*** Opening STORED DATA ***
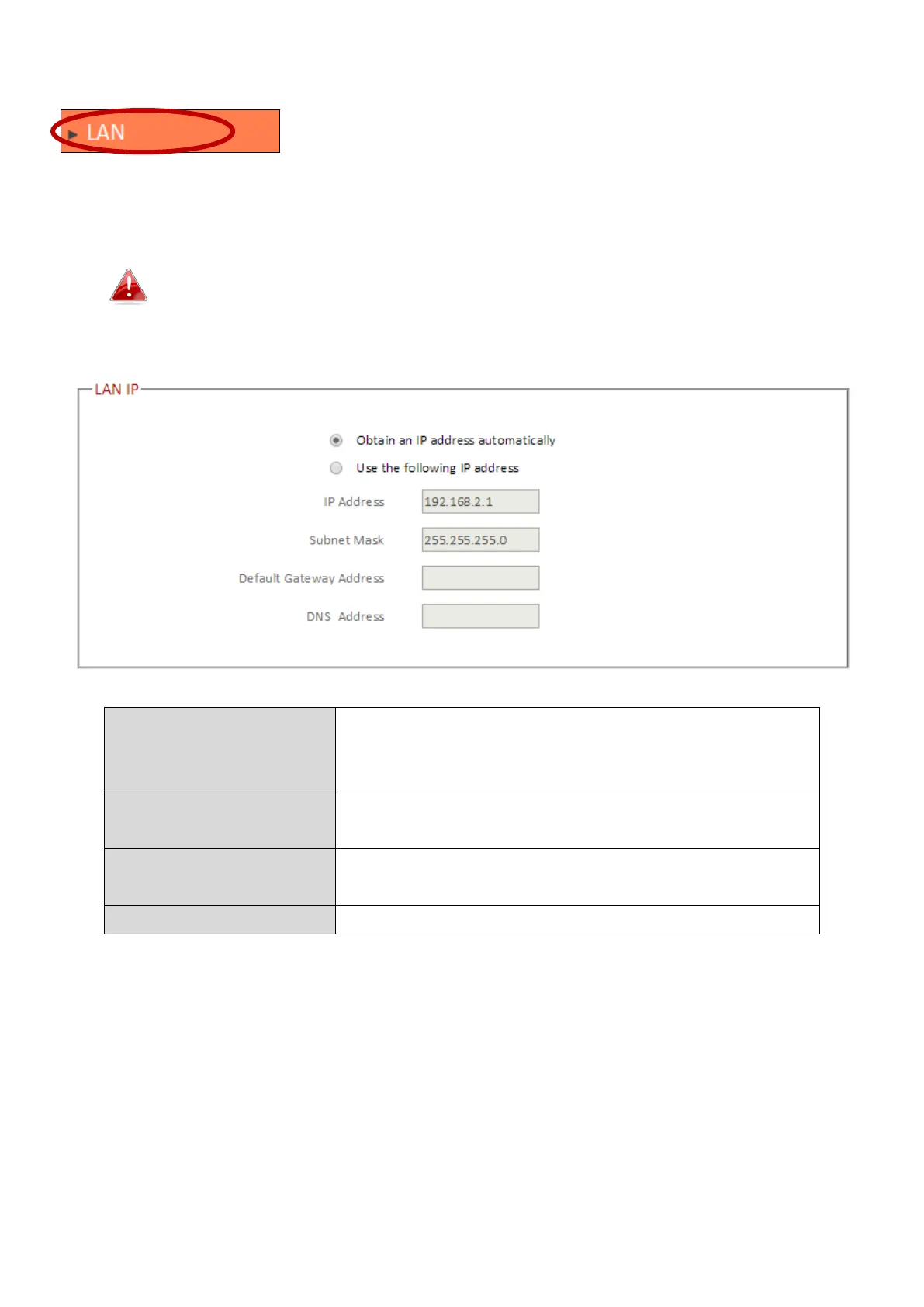 You can configure your Local Area Network (LAN) on this page. Set the device to
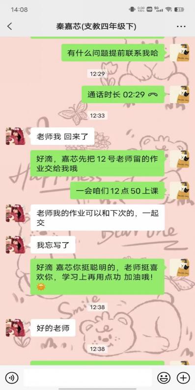 志愿者们在课前课后积极与同学们交流,从课前预习,到课后作业的讲解,他们细心嘱托,耐心教导。志愿者们还经常鼓励同学们,给他们自信,让孩子们在快乐中学习。在课后作业方面,及时和家长沟通,一起寻找最适合孩子的学习方法。在一次次的沟通之中,大家熟悉彼此,共同成长。
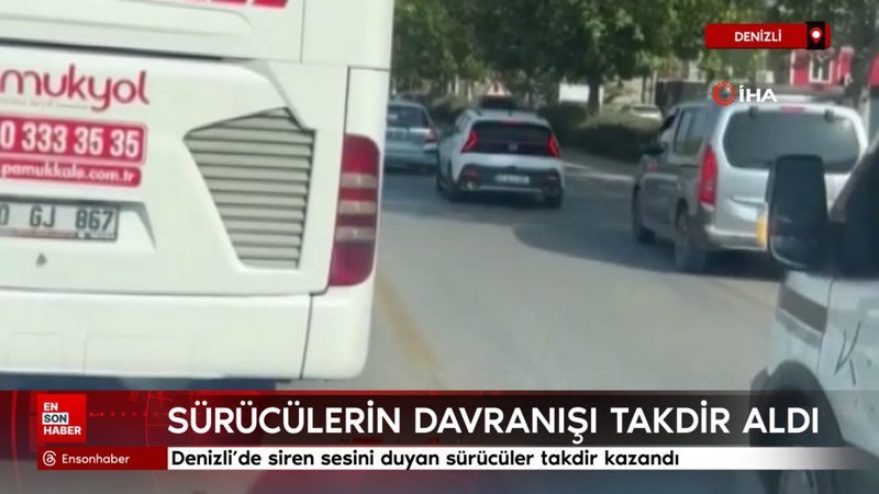 Denizli’de siren sesini duyan sürücülerin duyarlı davranışı takdir topladı
*** Closing STORED DATA ***
EXERCISE DESCRIPTION: When repeating the material above, keep every line exact and drop all pictures.

YOUR RESPONSE:
 You can configure your Local Area Network (LAN) on this page. Set the device to
 志愿者们在课前课后积极与同学们交流,从课前预习,到课后作业的讲解,他们细心嘱托,耐心教导。志愿者们还经常鼓励同学们,给他们自信,让孩子们在快乐中学习。在课后作业方面,及时和家长沟通,一起寻找最适合孩子的学习方法。在一次次的沟通之中,大家熟悉彼此,共同成长。
 Denizli’de siren sesini duyan sürücülerin duyarlı davranışı takdir topladı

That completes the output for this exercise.